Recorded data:
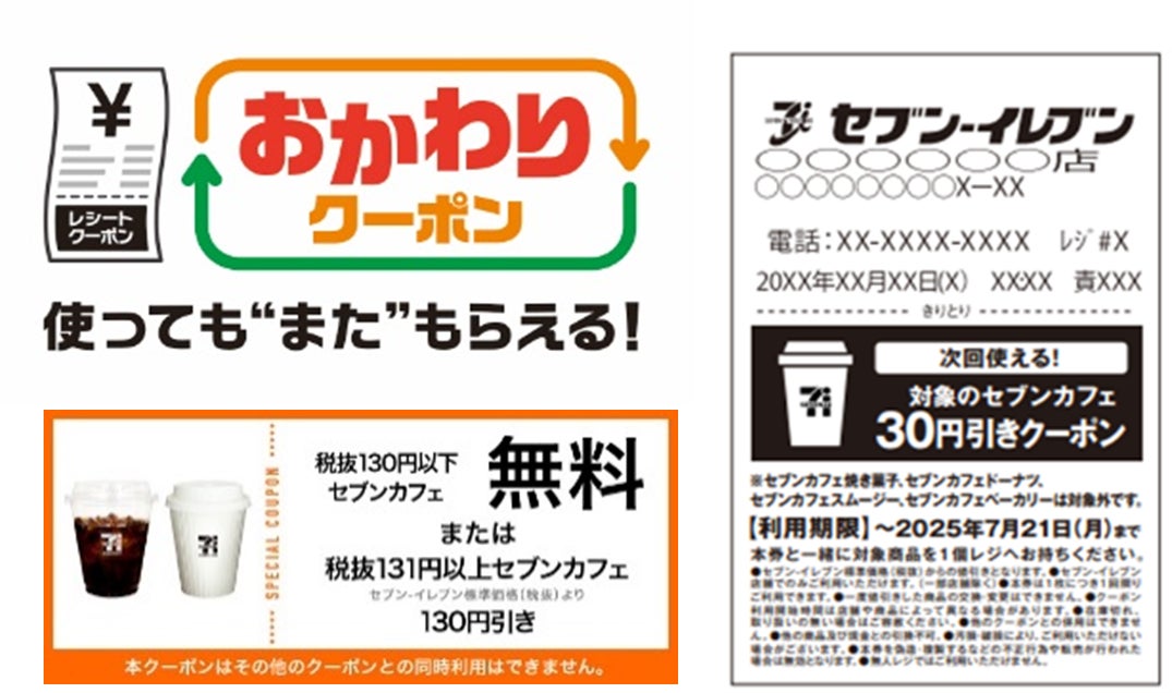 期間中、店舗にてセブンカフェを1杯ご購入いただくと、次回使える割引レシートクーポンをプレゼントいたします。
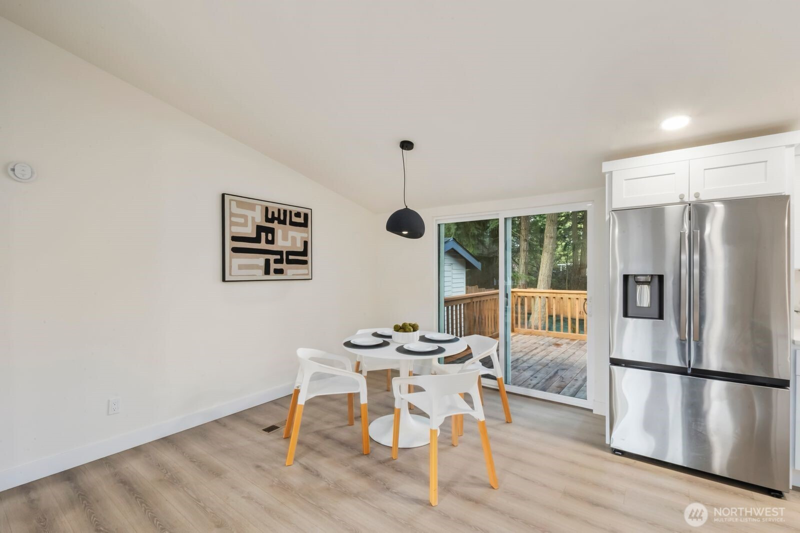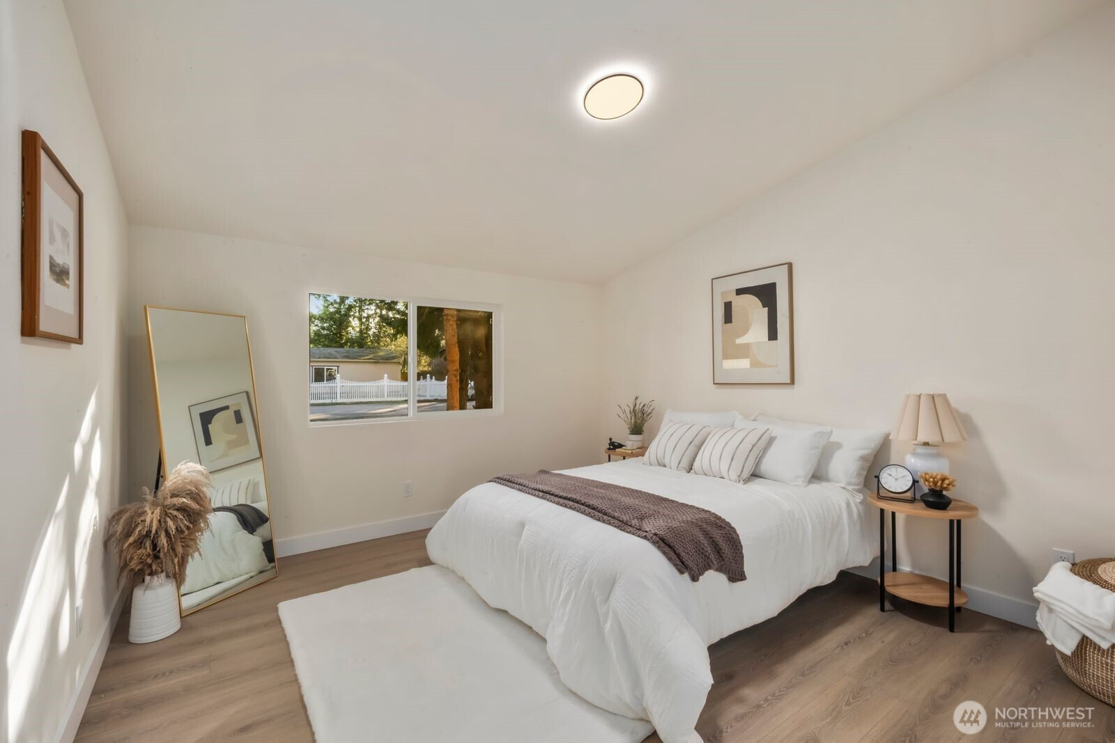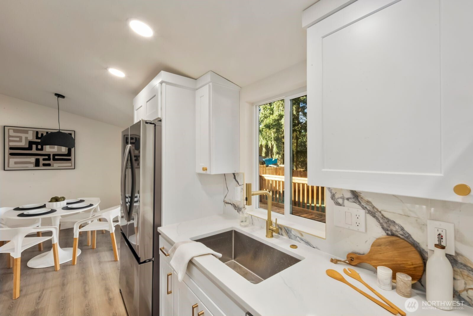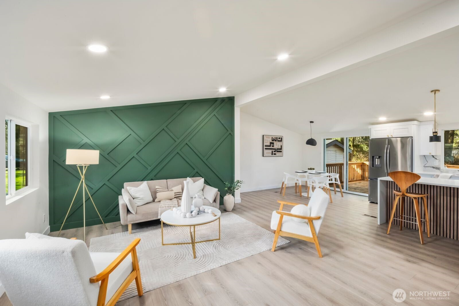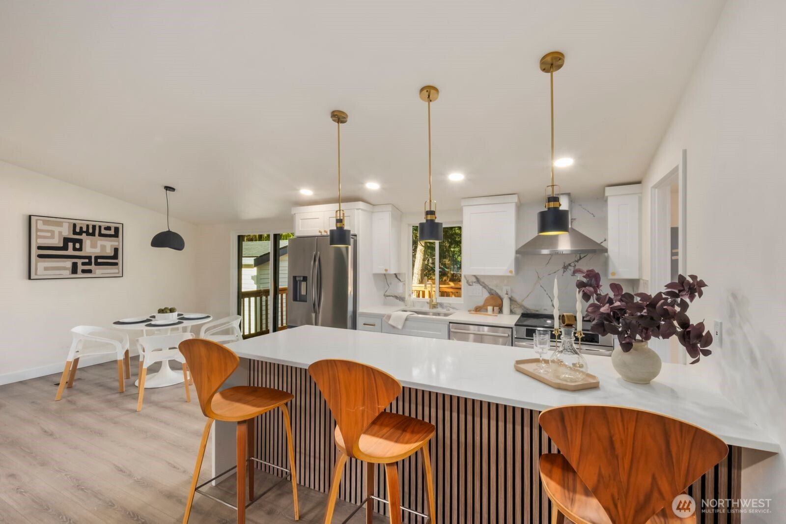 Fully reimagined and finished with intention, this beautifully remodeled 3 bed, 2 bath, 1,291 SF home rests on a private 0.29-acre lot framed by mature evergreens. A long driveway creates a striking approach and leads to gated access that opens for additional parking in the rear—ideal for guests, recreational vehicles, or added flexibility. Inside, vaulted ceilings enhance the open-concept design, filling the home with natural light and an airy, expansive feel. The kitchen is thoughtfully curated with high-end finishes, sleek cabinetry, stainless appliances, and a statement island designed for both everyday living and effortless entertaining. Wide-plank flooring flows throughout the main living areas, complemented by modern lighting and refined details at every turn. The primary suite offers a spa-inspired bath with elevated fixtures and clean, contemporary lines. Two additional bedrooms provide versatility for office, guests, or creative space. Step outside to the generous deck overlooking the fully fenced yard—private, peaceful, and ready for gatherings. A rare blend of thoughtful design, premium finishes, and usable outdoor space, all set on nearly a third of an acre.
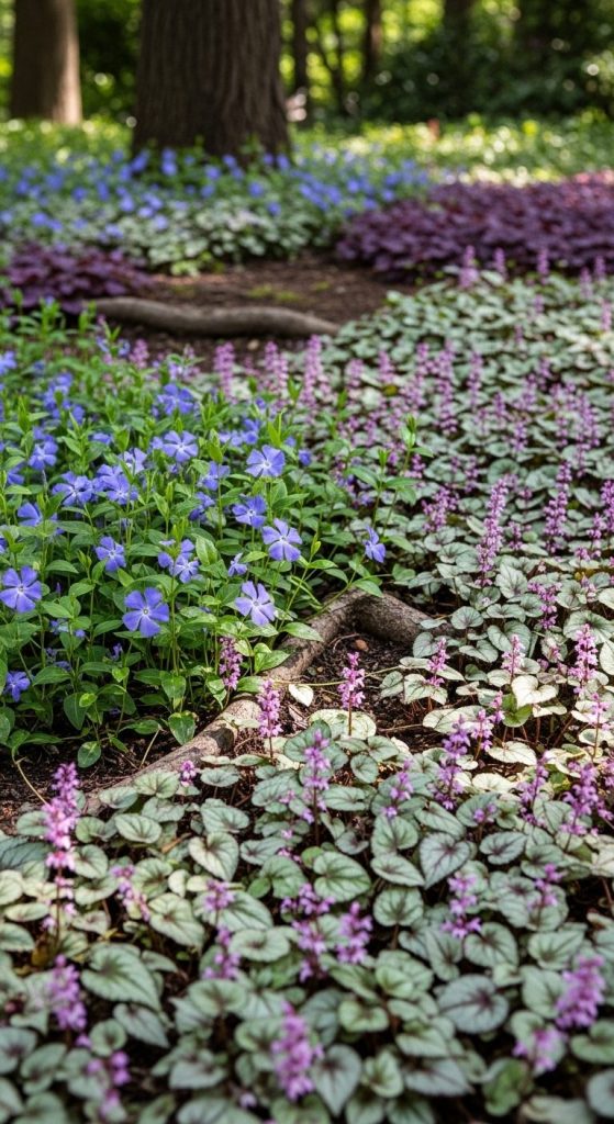 Groundcovers like lamium, vinca, or pachysandra thrive in shady spots where grass just gives up.
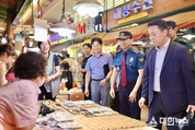 ▲치안현장(전통시장) 방문 사진. (대한뉴스 김기준 기자)=부산경찰청은 다가오는 추석 명절을 앞두고 시민들이 안전하고 평온한 연휴를 보낼 수 있도록 특별 치안활동에 총력을 기울이고 있다. 엄성규 부산경찰청장 직무대리는 2025년 10월 1일 오후 3시경, 유동 인구가 많은 부전시장을 직접 방문하여 특별 치안활동 및 주변 교통관리 상황을 점검하고 치안 현장 근무자들을 격려했다. 시장 및 치안 현장 점검: 엄성규 직무대리는 이날 부전시장을 순회하며 인파 밀집 우려 지역, 무질서 취약지 등 범죄·안전 취약 요소들을 면밀히 살폈다. 특히, 시장 주변 곳곳에서 근무하고 있는 지역경찰, 기동순찰대, 교통 근무자들을 만나 격려하며 안전한 명절 분위기 조성에 힘써줄 것을 당부했다. 이어 관할 부전지구대를 방문하여 연휴에도 쉼 없이 귀성객과 시장 이용객 안전 관리에 분주한 직원들의 노고를 치하하고, 소탈한 대화를 나누며 현장의 목소리를 청취했다. 추석 명절 종합 치안대책 추진: 부산경찰청은 평온한 명절 분위기 조성을 위해 이미 9월 29일부터 10월 12일까지 2주간 전 기능이 협업하는 추석명절 종합 치안대책을 추진 중입니다. 주요 치안 활동으로는 다음과 같다 범죄·안전 취
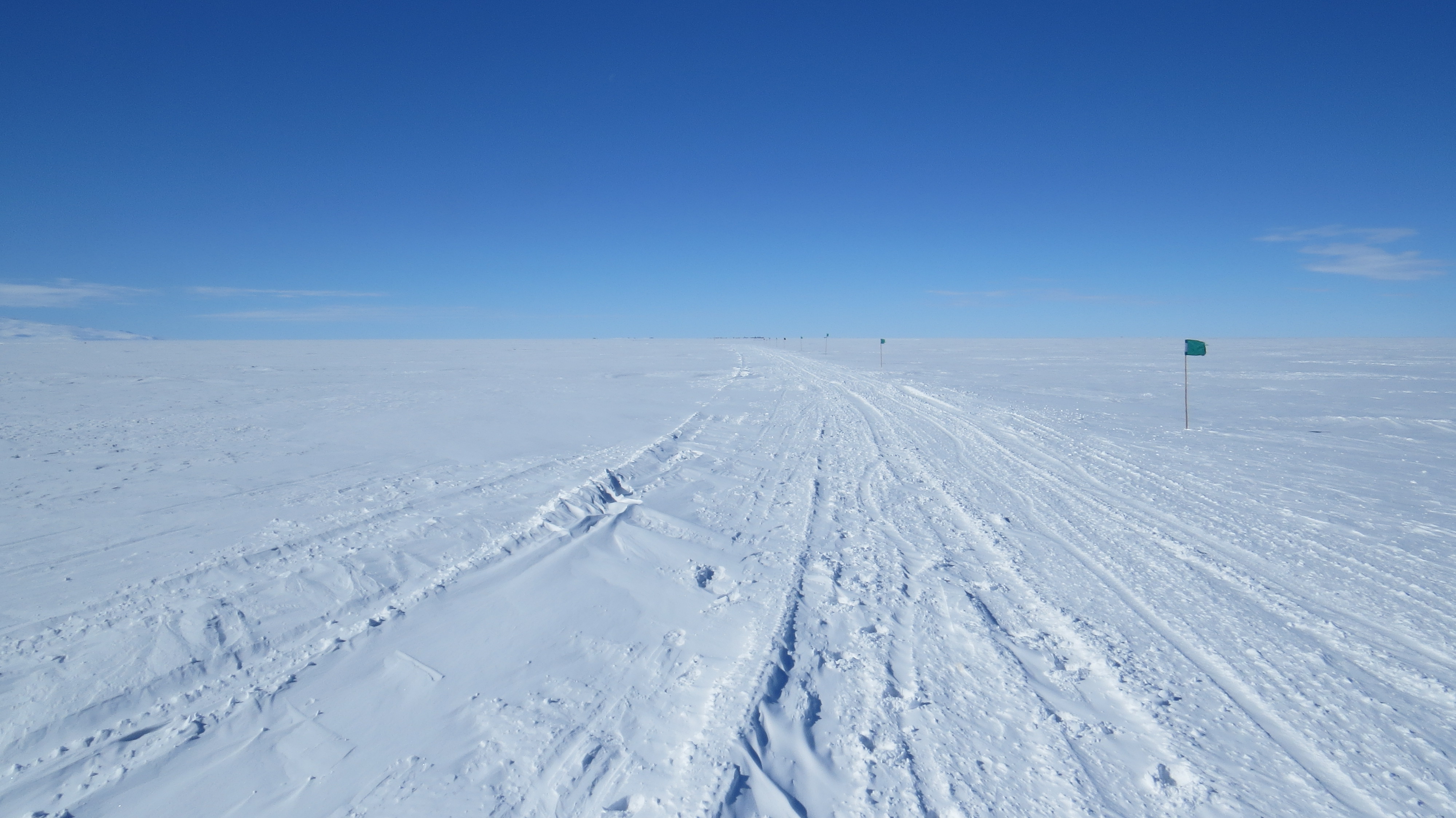 The Cape Armitage Loop Trail is a flat trail on the sea ice that goes from McMurdo Station to Scott Base, Antarctica.
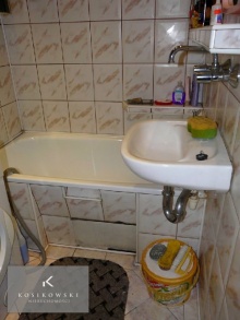 Łazienka o powierzchni 5m2, podłoga i ściany pokryte kaflami. Wyposażenie: wanna, umywalka. Osobnym pomieszczeniem jest WC o powierzchni 1m2 co stanowi bardzo funkcjonalne rozwiązanie.
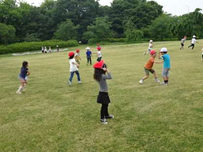 それから,芝生でおにごっこをしてかけまわりました。梅小路公園の中で自然を満喫している様子でした。
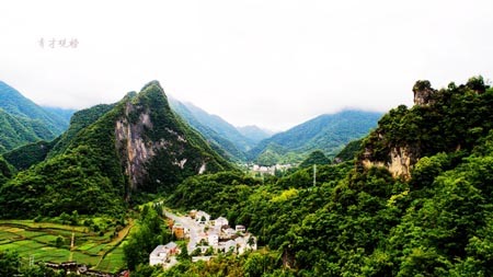 当我们这些走南闯北的江上人,见到这一片山野、河谷和山岩,脑袋瓜子那点陈腐的想法彻底改观了。你不能不感慨:好一个清幽之地,好一个世外桃源。这挂榜岩,如天坠宝塔,约五丈有余,其间,绿树点缀,伸手蓝天,脚踏大地,天地人,三者合而为一,乃三仪之地。天地君亲师,山岩上,绿幔森森,叶哨萧萧。山岩下,沟壑溶洞,泉水渗渗。房屋,犹如女子出浴一般,墙如粉面,瓦如黛眉,躺在幽静的山谷里,看云淡风轻。山路,好比一条绶带,随意地系在腰间,拂过山谷,穿过林海,显得优雅惬意。有人感慨,长恨春归无觅处,不知误入此中来。
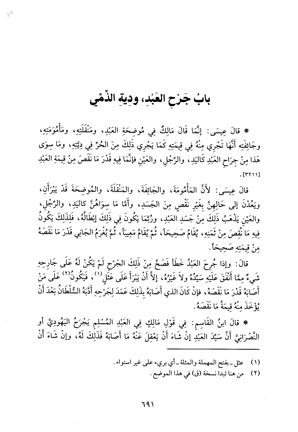 * قالَ ابنُ القَاسِمِ: فِي قَوْلِ مَالِكٍ فِي العَبْدِ المُسْلِمِ يَجْرَحُ اليَهُودِيَّ أو النَّصْرَانِيَّ أَنَّ سَيِّدَ العَبْدِ إنْ شَاءَ أَنْ يَعْقِلَ عَنْهُ مَا أَصَابَهُ فَذَلِكَ لَهُ، وإنْ شَاءَ أَنْ

TASK GOAL: Could you set down every record above word for word, leaving out the pictures?

TASK RESULT:
 期間中、店舗にてセブンカフェを1杯ご購入いただくと、次回使える割引レシートクーポンをプレゼントいたします。
 Fully reimagined and finished with intention, this beautifully remodeled 3 bed, 2 bath, 1,291 SF home rests on a private 0.29-acre lot framed by mature evergreens. A long driveway creates a striking approach and leads to gated access that opens for additional parking in the rear—ideal for guests, recreational vehicles, or added flexibility. Inside, vaulted ceilings enhance the open-concept design, filling the home with natural light and an airy, expansive feel. The kitchen is thoughtfully curated with high-end finishes, sleek cabinetry, stainless appliances, and a statement island designed for both everyday living and effortless entertaining. Wide-plank flooring flows throughout the main living areas, complemented by modern lighting and refined details at every turn. The primary suite offers a spa-inspired bath with elevated fixtures and clean, contemporary lines. Two additional bedrooms provide versatility for office, guests, or creative space. Step outside to the generous deck overlooking the fully fenced yard—private, peaceful, and ready for gatherings. A rare blend of thoughtful design, premium finishes, and usable outdoor space, all set on nearly a third of an acre.
 Groundcovers like lamium, vinca, or pachysandra thrive in shady spots where grass just gives up.
 ▲치안현장(전통시장) 방문 사진. (대한뉴스 김기준 기자)=부산경찰청은 다가오는 추석 명절을 앞두고 시민들이 안전하고 평온한 연휴를 보낼 수 있도록 특별 치안활동에 총력을 기울이고 있다. 엄성규 부산경찰청장 직무대리는 2025년 10월 1일 오후 3시경, 유동 인구가 많은 부전시장을 직접 방문하여 특별 치안활동 및 주변 교통관리 상황을 점검하고 치안 현장 근무자들을 격려했다. 시장 및 치안 현장 점검: 엄성규 직무대리는 이날 부전시장을 순회하며 인파 밀집 우려 지역, 무질서 취약지 등 범죄·안전 취약 요소들을 면밀히 살폈다. 특히, 시장 주변 곳곳에서 근무하고 있는 지역경찰, 기동순찰대, 교통 근무자들을 만나 격려하며 안전한 명절 분위기 조성에 힘써줄 것을 당부했다. 이어 관할 부전지구대를 방문하여 연휴에도 쉼 없이 귀성객과 시장 이용객 안전 관리에 분주한 직원들의 노고를 치하하고, 소탈한 대화를 나누며 현장의 목소리를 청취했다. 추석 명절 종합 치안대책 추진: 부산경찰청은 평온한 명절 분위기 조성을 위해 이미 9월 29일부터 10월 12일까지 2주간 전 기능이 협업하는 추석명절 종합 치안대책을 추진 중입니다. 주요 치안 활동으로는 다음과 같다 범죄·안전 취
 The Cape Armitage Loop Trail is a flat trail on the sea ice that goes from McMurdo Station to Scott Base, Antarctica.
 Łazienka o powierzchni 5m2, podłoga i ściany pokryte kaflami. Wyposażenie: wanna, umywalka. Osobnym pomieszczeniem jest WC o powierzchni 1m2 co stanowi bardzo funkcjonalne rozwiązanie.
 それから,芝生でおにごっこをしてかけまわりました。梅小路公園の中で自然を満喫している様子でした。
 当我们这些走南闯北的江上人,见到这一片山野、河谷和山岩,脑袋瓜子那点陈腐的想法彻底改观了。你不能不感慨:好一个清幽之地,好一个世外桃源。这挂榜岩,如天坠宝塔,约五丈有余,其间,绿树点缀,伸手蓝天,脚踏大地,天地人,三者合而为一,乃三仪之地。天地君亲师,山岩上,绿幔森森,叶哨萧萧。山岩下,沟壑溶洞,泉水渗渗。房屋,犹如女子出浴一般,墙如粉面,瓦如黛眉,躺在幽静的山谷里,看云淡风轻。山路,好比一条绶带,随意地系在腰间,拂过山谷,穿过林海,显得优雅惬意。有人感慨,长恨春归无觅处,不知误入此中来。
 * قالَ ابنُ القَاسِمِ: فِي قَوْلِ مَالِكٍ فِي العَبْدِ المُسْلِمِ يَجْرَحُ اليَهُودِيَّ أو النَّصْرَانِيَّ أَنَّ سَيِّدَ العَبْدِ إنْ شَاءَ أَنْ يَعْقِلَ عَنْهُ مَا أَصَابَهُ فَذَلِكَ لَهُ، وإنْ شَاءَ أَنْ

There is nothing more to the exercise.